#### AIM OF THE EXERCISE
Images are to be excluded, and the rest of the data repeated exactly.
*** SOURCE MATERIAL ***
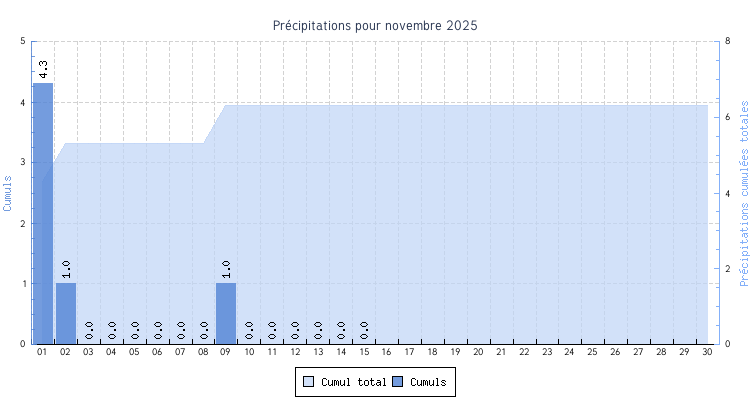 | 09 | 4.8 °C à 00:20 | 17.5 °C à 18:05 | 6.8 °C | 0.6 km/h (6.1 km/h) | 199 |
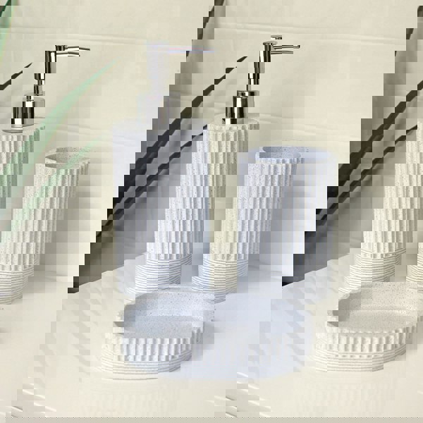 Keep your Bathroom surfaces clear and your essentials organised with the Tranquil Bathroom Accessory Set. Tranquil in the palest of blue, features a ribbed design, adding texture and visual interest to its overall appearance. Tranquil, with a hint of blue, makes these Bathroom accessories fresh and modern.
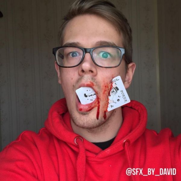 UK-based makeup artist David Harris creates special fx illusions that'll make you grimace and grin at the same time, and even though they'll make you feel sick they'll also put a smile on your face while you hurl.
*** End of SOURCE MATERIAL ***
#### ANSWER BELOW
 | 09 | 4.8 °C à 00:20 | 17.5 °C à 18:05 | 6.8 °C | 0.6 km/h (6.1 km/h) | 199 |
 Keep your Bathroom surfaces clear and your essentials organised with the Tranquil Bathroom Accessory Set. Tranquil in the palest of blue, features a ribbed design, adding texture and visual interest to its overall appearance. Tranquil, with a hint of blue, makes these Bathroom accessories fresh and modern.
 UK-based makeup artist David Harris creates special fx illusions that'll make you grimace and grin at the same time, and even though they'll make you feel sick they'll also put a smile on your face while you hurl.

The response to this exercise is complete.